Re: Apt and rsync... I know...
Doug Holland <email@example.com> writes:
> /me brandishes a 2x4 and approaches the decomposed equine carcass
> I just finished doing my apt upgrade, which included updated
> openoffice.org packages. Like many others, I have to do this over a
> dialup connection. The openoffice.org-bin package is 43 megabytes,
> which is a 2 1/2 hour download over a 56k dialup connection,
> assuming you have halfway decent phone lines.
> Let's take a look in changelog.Debian.gz for openoffice.org-bin:
> > openoffice.org (1.1.0-5) unstable; urgency=low
> > * Modified patches:
> > - recent-files.diff: #include <assert.h>, fixes build failure on
> > powerpc [RE]
> > -- Rene Engelhard <firstname.lastname@example.org> Fri, 16 Jan 2004 21:25:20 +0100
> That's it. One piddly little patch, which most likely affected one
> line of source code, required me to waste 2.5 hours of dialup
> bandwidth downloading a .deb file that's almost identical to the one
> I downloaded yesterday. Am I the only one who finds this
> Let's face it. We need to find a way to make apt do rsync to save
> us some pain.
> I remember the reason why apt is not currently doing rsync is
There is a problem with rsyncing gzip files. A change in the raw data
makes the compressed stream differ for the rest. The gzip --rsyncable
option tries to solve that and aparently well enough. All debs should
be compressed using that option.
> because it hogs I/O and CPU cycles on the Debian servers. That's a
> valid reason, but surely there are ways around it.

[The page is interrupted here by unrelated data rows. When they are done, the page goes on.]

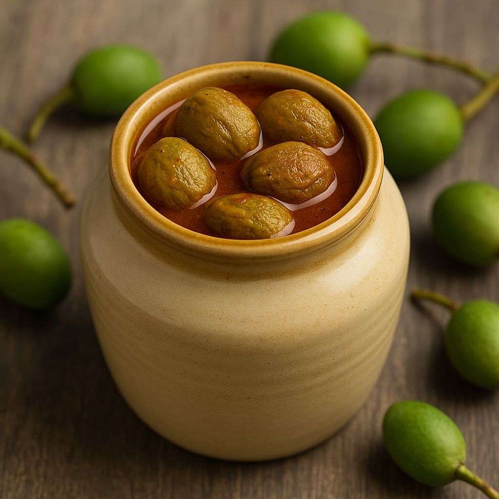 A seasonal delicacy made with tender green mangoes that pairs perfectly with thairu sadham.
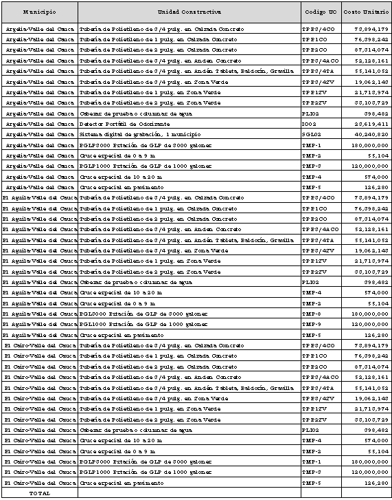 | Componente de inversión pagada con recursos de la empresa OP&S CONSTRUCCIONES S.A. E.S.P. | $/m3 | 1.860,22 | 1.886,99 | 1.707,65 |
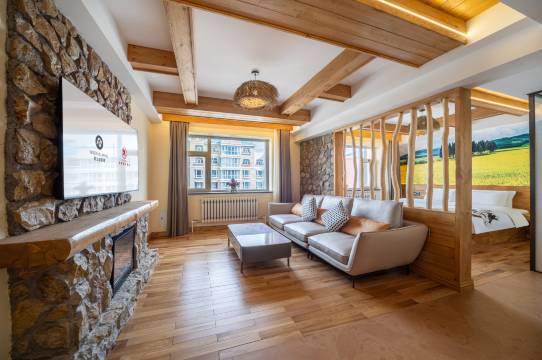 我从蒙古国到中国住过很多酒店,只有这个酒店最舒服最满意,从全木头装修,木味很浓,颜色看着也舒服,没有刺眼的颜色,机器人,全屋智能,盆景,花,壁炉都让人感觉特别的满意👍👍👍
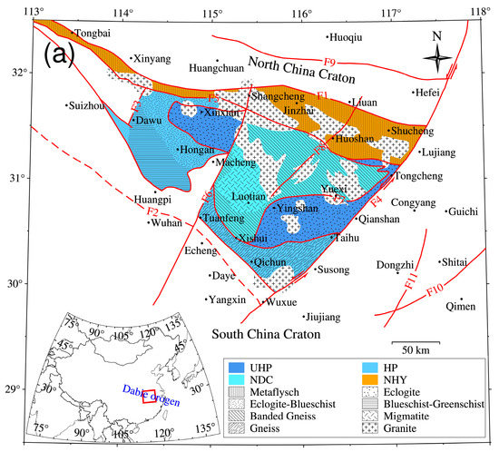 - Liu, Y.; Li, S.; Xu, S.; Jahn, B.; Zheng, Y.; Zhang, Z.; Jiang, L.; Chen, G.; Wu, W. Geochemistry and geochronology of eclogites from the northern dabie mountains, central china. J. Asian Earth Sci. 2005, 25, 431–443. [Google Scholar] [CrossRef]
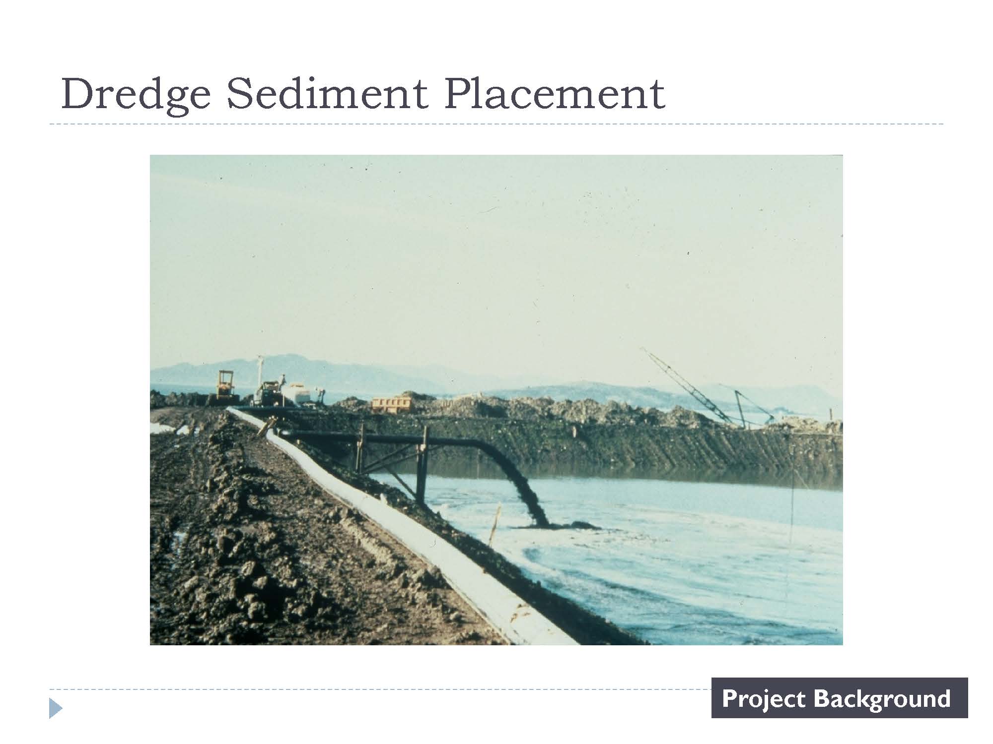 This project is a privately-funded project that works with the Army Corps of Engineers, the Port of Oakland, and other dredging projects to accept sediment, both clean cover sediment and foundation settlement, which is sediment with higher levels of contaminants than what would otherwise be considered clean sediment. The general design of this project to accept the foundation sediments and lay it down very low in the first layer of the marsh lift, then cover it with many, many feet of clean sediment, thereby locking the contaminated sediment down in an anoxic environment and keeping those sediments from reaching areas that would have tidal channel formation cutting through them as well as making it inaccessible to the wildlife and plants.

Its called cnysr and I asked for supporting it i think over a year
ago, never got a reply.
cnysr (rsync backwards you might have noticed) reverses the roles the
client and server play in rsync. Instead of the client sending a
blockwise checksum to the server the server send them, either
calculated on the fly or from a precalculated file. The client then
checks what blocks it needs and requests those. The blockwise
checksums are (depending on the block size, assuming 1K) about 2% of
- blockwise checksums are small and can be cached, they never change
for a file
- cnysr uses the http/1.1 protocol to fetch files and blocks
thereof. If master calculates the checksum files any http mirror can
be used instantly to cnysr files.
- I/O and CPU load is shifted to the client, the server does no
computations at all with precalculated checksums.
- cnysr needs 2% more mirror space (or less for bigger blocksizes) for
the precalculated checksums. Not calculating them would put us back
where rsync is.
- cnysr needs to tell the server what to send. There is an additional
round-trip per block but http/1.1 allows to requests blocks in
- http connects don't stay open too long, slow client or big files
with minor changes will have to reconnect if there is some idle time
on the connect (usualy 60s idle kills the connect).
> I suggest that rsync files be precalculated, so rsync downloads
> don't have to be crunched on the fly. The servers would store .deb
> files - foo-x.y.z.deb, and they would store the rsync diffs between
> it and the previous version - foo.x.y.z-1_x.y.z.rsdeb. That way, if
> the user doing an apt-get upgrade has the previous .deb file in his
> cache, apt would download the rsync diff file instead of the full
> .deb, saving loads of bandwidth, and since the rsyncs are
> precomputed and cached, the servers don't get hosed.
> Am I totally off base suggesting this?
The diff files only work for exactly the two versions they are made
for. Cnysr works with any two files with the same efficiancy rsync
uses. Drawback is that http mirrors are needed while the rsync files
could be fetched via ftp too.
But either way, the --rsyncable option is needed first.
PS: Planed extensions to cnysr include handling files (such as debs)
in uncompressed form on the fly in the checksum file and client side
(no change to the deb files on the server).